## Exercise goal
Reproduce, character for character, the lines below from the first through the one with "Central registry subject". Leave pictures out.

## Provided material
----------------

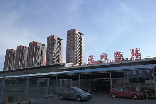 Shenzhen West railway station (Chinese: 深圳西站; pinyin: Shēnzhèn Xī Zhàn; Jyutping: sam1 zan3 sai1 zaam6) is a railway station on the Pingnan railway in Shenzhen, in the southern Chinese province of Guangdong. Constructed as a freight station in 1989, Passenger station was built during 1993, opening in 1994 for passenger use. In late 2003 it was renovated and enlarged from a few hundred square metres in area to about 3,800 m2 (41,000 sq ft). Shenzhen West railway station, originally known as Nantou railway station, is located on Xuefu Lu, Nanshan District. It is about 10 kilometers from Shekou Port. It was closed on October 11, 2022.
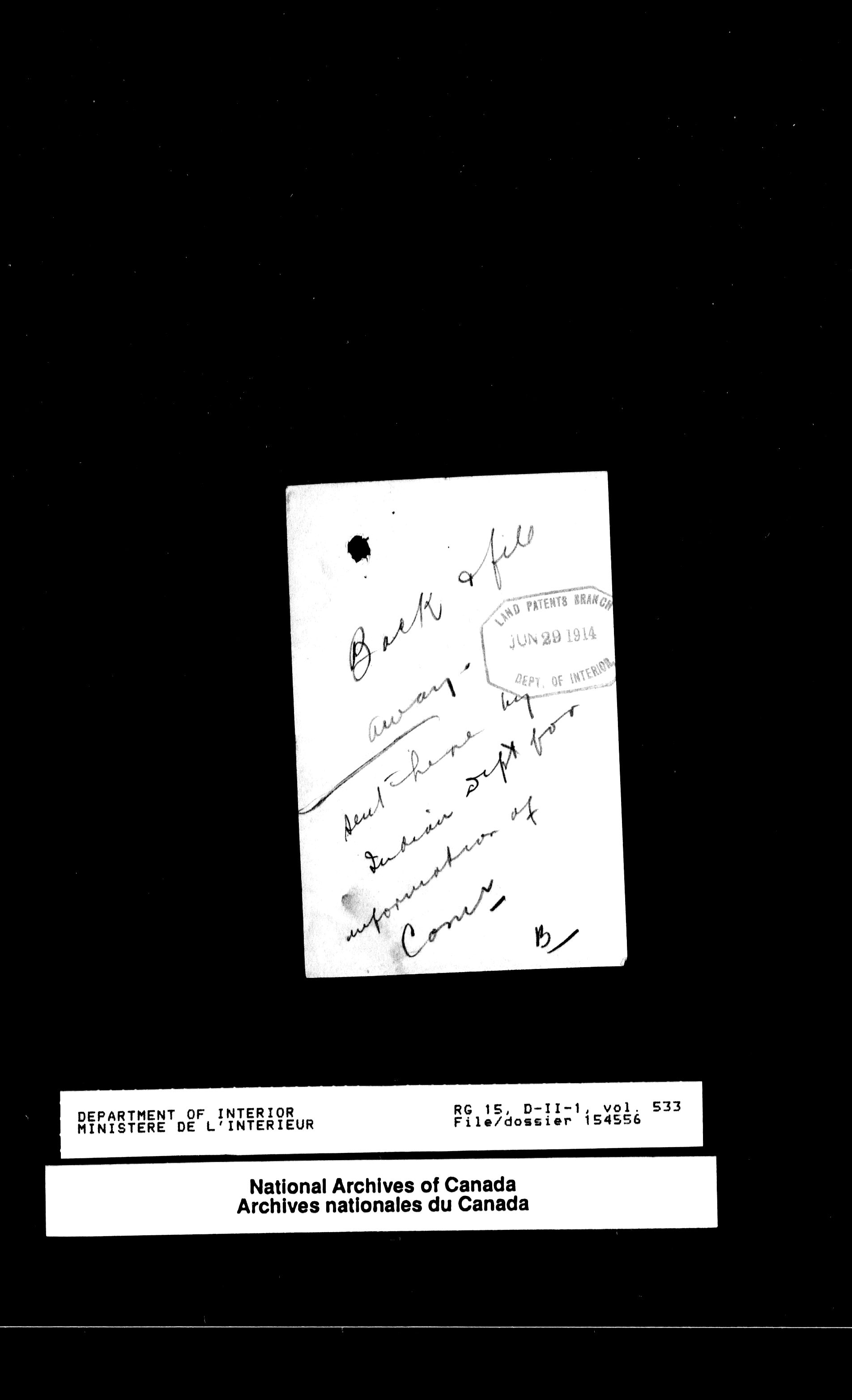 Central registry subject files created by the Dominion Lands Branch - 13792
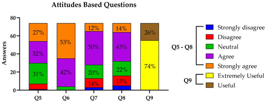 Concerning participants’ Attitudes type of questions, the results can be seen in Figure 2 (Q5–Q9). Question 5 explored the consideration of ethical issues, where a significant 59% of participants strongly agreed or agreed that there may be severe ethical concerns; on the other hand, 8% disagreed, and 1% strongly disagreed, representing the minority with less concern regarding the ethical implications; while a substantial portion, 31%, remained neutral, indicating a potential ambivalence or a need for further exploration of the topic (Figure 2—Q5). In Question 6, a substantial 53% of respondents strongly agreed with the utility of these AI skills, while 42% agreed, signifying a collective consensus on the practicality of these competencies in everyday life; and a minimal 5% reported neutrality (Figure 2—Q6). The responses regarding Question 7 were varied; while 62% of participants strongly agreed or agreed that they comprehended these applications, 18% disagreed or strongly disagreed, and 20% remained neutral reflecting a segment with limited understanding or skepticism (Figure 2—Q7). Similarly, in Question 8, the majority, 43%, agreed, with an additional 14% strongly agreeing, indicating that a significant proportion acknowledged the connection between AI and health disparities; and conversely, 22% disagreed or strongly disagreed, meanwhile a notable 22% remained neutral (Figure 2—Q8. Finally, Question 9, which examined the perceived utility of AI in participants’ respective areas of work, obtained a majority, 74%, who regarded AI as extremely useful, while 26% found it helpful (Figure 2—Q9).

----------------

## Response for this exercise
 Shenzhen West railway station (Chinese: 深圳西站; pinyin: Shēnzhèn Xī Zhàn; Jyutping: sam1 zan3 sai1 zaam6) is a railway station on the Pingnan railway in Shenzhen, in the southern Chinese province of Guangdong. Constructed as a freight station in 1989, Passenger station was built during 1993, opening in 1994 for passenger use. In late 2003 it was renovated and enlarged from a few hundred square metres in area to about 3,800 m2 (41,000 sq ft). Shenzhen West railway station, originally known as Nantou railway station, is located on Xuefu Lu, Nanshan District. It is about 10 kilometers from Shekou Port. It was closed on October 11, 2022.
 Central registry subject files created by the Dominion Lands Branch - 13792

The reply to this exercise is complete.